Well, what should we be preaching about? What should we believe? What should we be saying? If you are a preacher, consider how fearful you are to rethink your message this way! You can’t just preach free love!!! I say, preach truth, preach strong grace. Jesus preached repentance in a way that caused crowds of sinners to flock to Him. Prostitutes followed Him like a puppy dog, and wept and wiped His feet with their grateful tears. Obviously, they felt welcomed and loved by Him, not condemned. To Him, sin is a disease that needs treatment by a doctor, and virtue is not an obligation to be forcefully imposed upon the unwilling. Do you think you are right because of the paltry few conversions in your midst? Preaching to the flesh, preaching in order to squelch the desire of the flesh, preaching the comforting message of principles which address surface behaviors, is not producing real results is it?
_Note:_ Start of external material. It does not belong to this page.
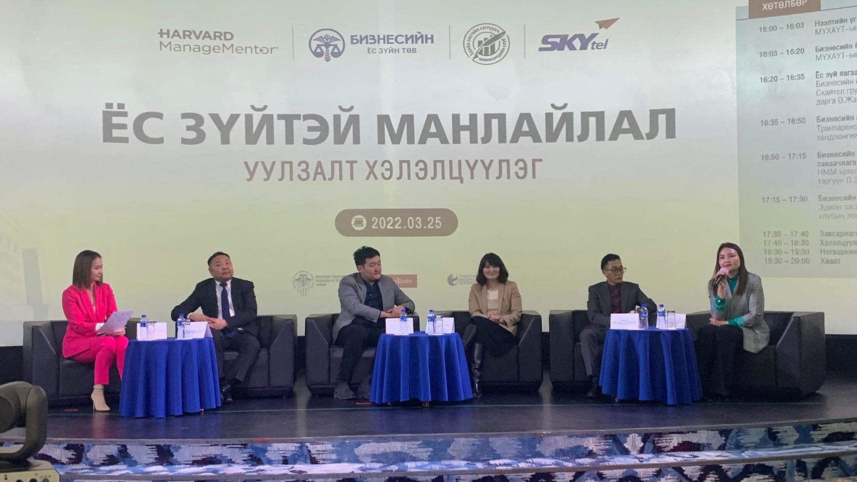 Төслийн явцад томоохон компаниуд бизнесийн ёс зүйн код болон хэрэгжүүлж буй ажлаа бусаддаа хуваалцдаг. Энэ удаад “Рио Тинто Монгол”, “Скайтел” болон “МАК” групп, Бизнес академи, Транспэрэнси интернэшнл Монгол ТББ-ын зөвлөх нар оролцож “Скайтел” группийн туршлагыг сонсож хэлэлцүүлэг өрнүүлсэн юм. Энэ оны эхний нэтворкинг уулзалтад Харвард менежментор хөтөлбөрийн төгсөгчид болох 30 гаруй компанийн захирал, Эдийн засгийн сэтгүүлч, шинжээчдийн клубын сэтгүүлчид оролцсон юм. “Рио Тинто Монгол” компани нь бизнесийн орчинд шударга, ил тод, нээлттэй үйл ажиллагааг дэмжиж, бизнесийн ёс зүй, шударга байдлыг бэхжүүлэх, зорилгоор энэ төсөлд санхүүгийн дэмжлэг үзүүлэн оролцож буйг тус компанийн хамтын ажиллагаа, гадаад харилцаа хариуцсан захирал Б.Даваасүрэн тодотгож байв. “Транспэрэнси интернэшнл Монгол”ТББ-ын хөндлөнгийн зөвлөх Д.Тэгшбаяр олон улсын туршлага “Мэхлэлтийн гурвалжин” гэсэн сонирхолтой илтгэл тавьсан юм. Түүнчлэн Харвард менежментор хөтөлбөрийн төгсөгчдийн холбооны тэргүүн Л.Загдаа “ Бизнесийн ёс зүй ба удирдлагын манлайлал санаачилга, Эдийн засгийн сэтгүүлч, шинжээчдийн клубын зохицуулагч Б.Баяртогтох “Бизнесийн ёс зүйг нийтлэхүй” сэдвээр илтгэл тавьж “Ёс зүйтэй манлайлалд нэгдэхээ илэрхийллээ.

Paul preached a message of incredibly scandalous grace, Martin Luther came around to it again, and when it is preached, it changes history. You are not smarter than Paul, nor are you more fruitful. Go back and search these scriptures, and preach grace. Tell people that God tremendously loves them. Tell them clearly that Christ’s blood is enough to abundantly forgive them. Tell them this over and over and over, 70 times 7. Lead them to a unified desire for virtue. Encourage them to learn to trust the desire of their new self. Figure out and teach what it means to have a mind set on the Spirit. Don’t sit there and pretend you already do this if you don’t. If you repent of anything, repent of this! You are torturing people with your preaching. Ring a new bell, a bell of love and grace and freedom and newness. The weeping sinners will flock to you, I just know it.